**DATA PROVIDED:**
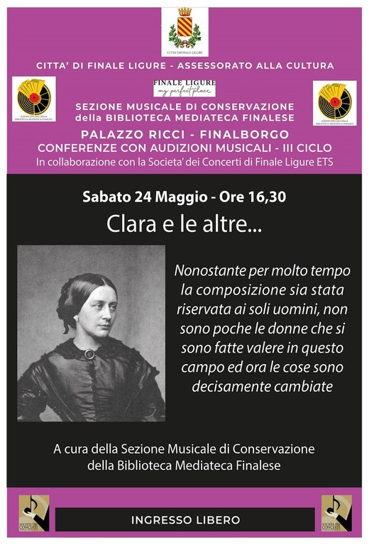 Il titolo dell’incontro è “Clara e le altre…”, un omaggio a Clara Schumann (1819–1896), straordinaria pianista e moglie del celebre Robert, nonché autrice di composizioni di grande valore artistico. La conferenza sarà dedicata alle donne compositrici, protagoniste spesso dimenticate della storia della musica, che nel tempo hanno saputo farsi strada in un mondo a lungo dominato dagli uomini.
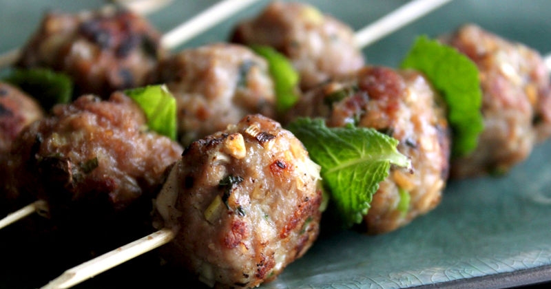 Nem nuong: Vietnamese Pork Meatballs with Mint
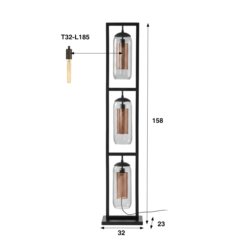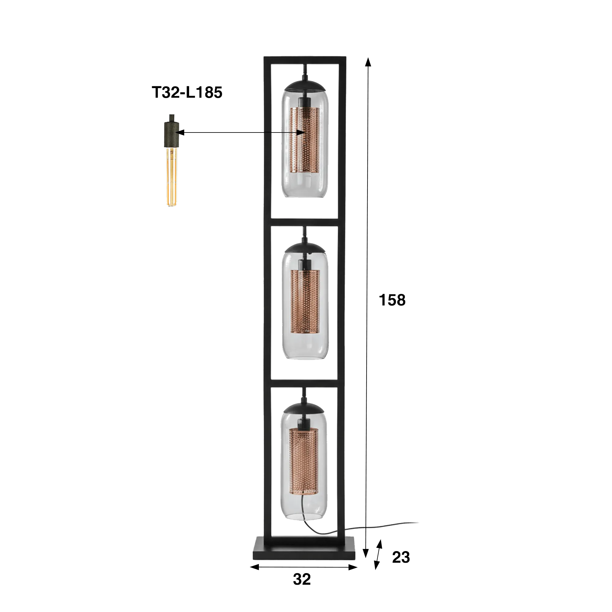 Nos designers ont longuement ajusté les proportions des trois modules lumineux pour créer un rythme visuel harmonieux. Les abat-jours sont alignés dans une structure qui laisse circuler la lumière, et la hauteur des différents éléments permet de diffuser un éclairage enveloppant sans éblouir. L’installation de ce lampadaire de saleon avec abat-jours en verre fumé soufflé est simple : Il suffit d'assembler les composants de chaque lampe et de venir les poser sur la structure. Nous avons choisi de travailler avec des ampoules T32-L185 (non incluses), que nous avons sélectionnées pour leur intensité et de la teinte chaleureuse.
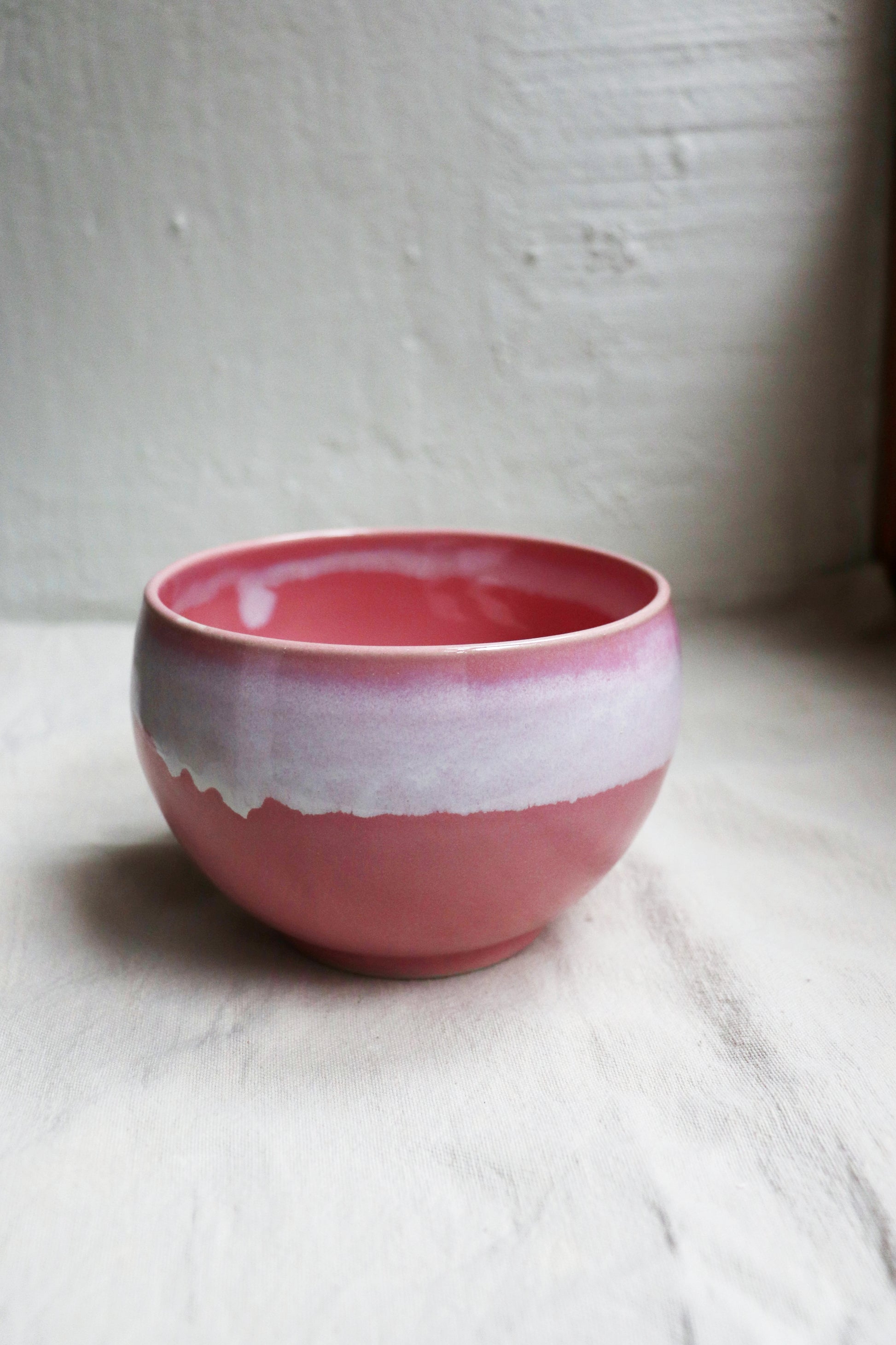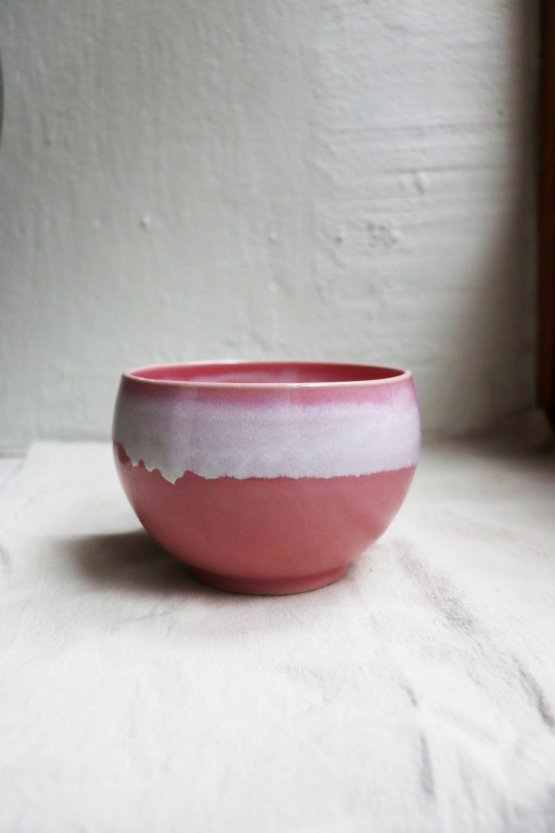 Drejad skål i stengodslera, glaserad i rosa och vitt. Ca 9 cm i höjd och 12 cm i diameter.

**WORK TO BE COMPLETED:** Leaving every picture out, write out exactly the lines from the beginning of the listing above to the line with "Nos designers ont", inclusive.

**WRITTEN SOLUTION:**
 Il titolo dell’incontro è “Clara e le altre…”, un omaggio a Clara Schumann (1819–1896), straordinaria pianista e moglie del celebre Robert, nonché autrice di composizioni di grande valore artistico. La conferenza sarà dedicata alle donne compositrici, protagoniste spesso dimenticate della storia della musica, che nel tempo hanno saputo farsi strada in un mondo a lungo dominato dagli uomini.
 Nem nuong: Vietnamese Pork Meatballs with Mint
 Nos designers ont longuement ajusté les proportions des trois modules lumineux pour créer un rythme visuel harmonieux. Les abat-jours sont alignés dans une structure qui laisse circuler la lumière, et la hauteur des différents éléments permet de diffuser un éclairage enveloppant sans éblouir. L’installation de ce lampadaire de saleon avec abat-jours en verre fumé soufflé est simple : Il suffit d'assembler les composants de chaque lampe et de venir les poser sur la structure. Nous avons choisi de travailler avec des ampoules T32-L185 (non incluses), que nous avons sélectionnées pour leur intensité et de la teinte chaleureuse.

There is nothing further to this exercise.